L’ITALIA, oltre al già annunciato Delta di Michele Vannucci nel programma della Piazza Grande – all’interno del quale ha un bel rilievo anche la retrospettiva di Douglas Sirk, con la proiezione di Imitation of life (1958) – è presente con due titoli, entrambi nel concorso principale, il che è un buon risultato considerando la prossimità con la Mostra di Venezia e soprattutto che per il cinema italiano anche un «sottoscala» al Lido è preferibile a qualsiasi altra proposta altrove. Ecco dunque Il pataffio di Francesco Lagi (dal libro di Luigi Malerba), una commedia in un immaginario medioevo che si fa – come leggiamo sul press kit del film « sulla libertà, la fame, il sesso e il potere» – nel cast ci sono Lino Musella e Giorgio Tirabassi.
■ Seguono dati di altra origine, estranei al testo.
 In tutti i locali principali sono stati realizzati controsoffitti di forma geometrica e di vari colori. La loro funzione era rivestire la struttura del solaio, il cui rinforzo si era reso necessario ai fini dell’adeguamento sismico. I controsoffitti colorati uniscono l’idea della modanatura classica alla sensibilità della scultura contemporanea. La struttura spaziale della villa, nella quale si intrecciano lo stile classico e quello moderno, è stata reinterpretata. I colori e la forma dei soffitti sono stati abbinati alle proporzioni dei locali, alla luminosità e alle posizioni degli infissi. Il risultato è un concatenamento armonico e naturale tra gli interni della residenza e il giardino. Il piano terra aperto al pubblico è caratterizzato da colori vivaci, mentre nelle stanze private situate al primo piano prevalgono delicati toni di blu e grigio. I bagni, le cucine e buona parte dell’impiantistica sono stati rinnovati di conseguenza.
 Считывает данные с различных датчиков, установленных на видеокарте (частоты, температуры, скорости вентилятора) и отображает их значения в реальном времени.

E il nuovo film di Alessandro Comodin (che nel 2011 vinse il concorso dei Cineasti del presente con L’estate di Giacomo), Gigi la legge, ritratto di un poliziotto in campagna il cui quotidiano viene all’improvviso sconvolto, e di una provincia reale e immaginata.
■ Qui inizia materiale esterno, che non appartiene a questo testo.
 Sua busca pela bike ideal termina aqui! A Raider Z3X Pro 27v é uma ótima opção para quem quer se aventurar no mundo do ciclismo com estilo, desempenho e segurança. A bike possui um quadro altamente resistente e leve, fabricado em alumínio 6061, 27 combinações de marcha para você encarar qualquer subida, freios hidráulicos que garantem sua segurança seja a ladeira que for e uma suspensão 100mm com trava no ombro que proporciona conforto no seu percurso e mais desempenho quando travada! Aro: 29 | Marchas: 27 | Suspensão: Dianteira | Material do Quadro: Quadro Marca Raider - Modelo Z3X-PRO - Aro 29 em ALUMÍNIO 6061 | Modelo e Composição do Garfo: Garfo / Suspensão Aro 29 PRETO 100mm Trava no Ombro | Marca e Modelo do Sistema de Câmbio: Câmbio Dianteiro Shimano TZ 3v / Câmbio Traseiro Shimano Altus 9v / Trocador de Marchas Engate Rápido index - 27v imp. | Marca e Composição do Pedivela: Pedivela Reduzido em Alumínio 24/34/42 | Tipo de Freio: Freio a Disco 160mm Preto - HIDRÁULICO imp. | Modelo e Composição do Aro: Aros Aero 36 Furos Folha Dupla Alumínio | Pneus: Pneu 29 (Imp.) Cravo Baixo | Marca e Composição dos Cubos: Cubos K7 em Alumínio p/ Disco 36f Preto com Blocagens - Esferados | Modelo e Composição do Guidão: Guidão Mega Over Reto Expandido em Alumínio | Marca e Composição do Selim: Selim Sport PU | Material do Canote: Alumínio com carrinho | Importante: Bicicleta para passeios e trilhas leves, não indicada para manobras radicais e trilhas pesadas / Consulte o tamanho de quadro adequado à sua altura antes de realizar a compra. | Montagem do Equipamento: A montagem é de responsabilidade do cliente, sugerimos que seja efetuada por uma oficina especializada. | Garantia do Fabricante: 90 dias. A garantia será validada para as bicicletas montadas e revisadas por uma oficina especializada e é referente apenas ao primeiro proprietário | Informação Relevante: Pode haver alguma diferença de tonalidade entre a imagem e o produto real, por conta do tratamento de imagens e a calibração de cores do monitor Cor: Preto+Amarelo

Sempre nel concorso internazionale, Bowling Saturne di Patricia Mazuy, un thriller (il «genere» da qualche anno incanta i programmatori festivalieri) della regista francese tra le protagoniste di quel nuovo cinema in Francia apparso negli anni Novanta. Da oltralpe arriva anche Stella est amoureuse di Sylvie Verheyde, seguito del suo precedente Stella (2008), segue le vicende e gli amori della protagonista ormai cresciuta.
Abbas Fahdel, regista iracheno rivelato da Iraq, Years Zero (2015) corre per il Pardo d’oro con Tales of the Purple House, tra il diario personale e famigliare e l’invenzione, mentre Geyhalter nel suo nuovo «film-mondo» Matter out of Place, racconta il problema dei rifiuti sul nostro pianeta dando voce a chi si sforza di affrontarlo.
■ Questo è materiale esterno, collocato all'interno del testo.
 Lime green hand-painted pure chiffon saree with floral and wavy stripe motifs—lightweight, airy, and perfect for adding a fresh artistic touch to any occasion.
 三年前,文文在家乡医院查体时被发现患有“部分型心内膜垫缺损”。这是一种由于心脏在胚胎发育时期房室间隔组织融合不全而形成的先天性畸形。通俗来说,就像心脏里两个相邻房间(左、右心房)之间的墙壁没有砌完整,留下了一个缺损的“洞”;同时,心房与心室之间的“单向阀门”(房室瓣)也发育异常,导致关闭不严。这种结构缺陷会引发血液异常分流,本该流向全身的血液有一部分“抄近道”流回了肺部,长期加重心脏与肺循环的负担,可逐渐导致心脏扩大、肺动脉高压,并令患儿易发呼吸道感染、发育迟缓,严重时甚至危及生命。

Fuori concorso c’è Nuit obscure-feuillets sauvages (les brûlants, les obstinés) ritorno dopo diversi anni del regista francese Sylvain George, autore indipendente e di continue invenzioni formali, che qui si confronta nuovamente con la narrazione dei migranti nell’Europa di oggi. Nella stessa sezione c’è il film di Joao Pedro Rodrigues e Joao Rui Guerra de Mata, Where Is This Street? Or With No Before or After, un omaggio eccentrico al grande protagonista del Cinema novo portoghese, Paulo Rocha, e a quel suo film I verdi anni (1963) che ne è considerato un’opera chiave, a partire dall’appartamento in cui è stato girato che rimanda alla storia famigliare di Rodrigues.
Nei Pardi di domani, Paradiso XXXI, 108, una nuova variazione sulla rappresentazione della Palestina a partire dagli archivi di Kamal Aljafari, e Chant pour la ville enfouie di Nicolas di Klotz e Elisabeth Perceval.